Foreign companies are frequently used to hold assets or other investments in Hong Kong. Some of these foreign companies are not registered under Part XI of the Companies Ordinance (“CO”) (“Unregistered Companies”). There are various reasons for not registering foreign companies in Hong Kong, including confidentiality and tax benefits. However, there may be some drawbacks to this approach.

Recent Hong Kong court decisions indicate that shareholders of foreign companies that are not registered in Hong Kong may encounter difficulties in winding up these companies in the event of shareholders disputes.

In this alert, we look at the recent Hong Kong court decisions in Re Gottinghen Trading Ltd1 (“Re Gottinghen”) and Re Yung Kee Holdings Ltd2 (“Re Yung Kee”). We examine the emphasis by the courts on the Hong Kong connection of an Unregistered Company in a winding up on the just and equitable ground, and what this could mean for investors and business operators.

Game over: solvent companies sought to be wound up to untangle shareholders dispute

Both Re Gottinghen and Re Yung Kee concern shareholders disputes and the disgruntled shareholders sought to have the companies wound up.

The company sought to be wound up in Re Yung Kee is the ultimate holding company of the Hong Kong restaurant that is known for its roasted goose. It is a company incorporated in the British Virgin Islands (“BVI”) and is not registered under the CO, hence an Unregistered Company. It indirectly holds all of the group’s businesses and properties, including the Hong Kong restaurant. In the shareholders dispute, a minority shareholder sought an order from the Hong Kong Court for his shares to be bought out, or alternatively, winding up. Of noteworthy mention, that BVI company is solvent, and is therefore different from instances where court orders are sought to wind up insolvent companies.

Section 327 of the CO

Under s.327 of the CO, only 3 grounds are available to wind up an Unregistered Company in Hong Kong3:

(a) the company is dissolved or has ceased to carry on business;

(b) the company is unable to pay its debts (the “Insolvency Ground”);

(c) it is just and equitable that the company should be wound up (the “Just and Equitable Ground”).

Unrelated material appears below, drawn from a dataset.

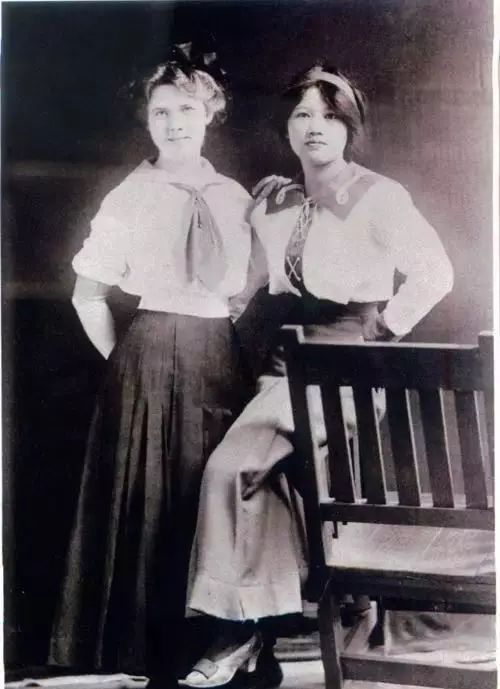宋庆龄15岁时便同妹妹宋美龄赴美国留学,那时候的她非常喜欢西式的着装风格。因为在教会学校念书,后来又留学美国,在她的青春岁月里都是穿着西式的服装。
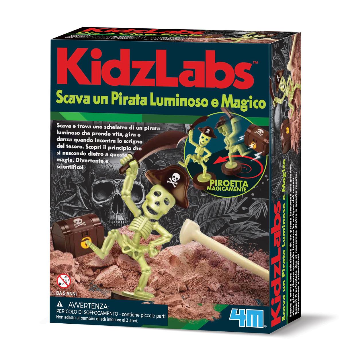 Scava e trova lo scheletro di un pirata luminoso che prende vita e danza se incontra lo scrigno del tesoro. Divertente e scientifico!

In both Re Gottinghen and Re Yung Kee, the Just and Equitable Ground was relied on by reason of disputes between shareholders.

There’s a catch: requirements the same but applied differently for different grounds

The requirements for winding up an Unregistered Company under both the Insolvency Ground and the Just and Equitable Ground are the same (although applied differently, see below). The petitioner is required to show the following:

  1. sufficient connection between the company and Hong Kong (the “Sufficient Connection Requirement”);
  2. reasonable possibility of benefit to those applying for a winding up order; and
  3. the court having jurisdiction over one or more persons interested in the distribution of assets of the company.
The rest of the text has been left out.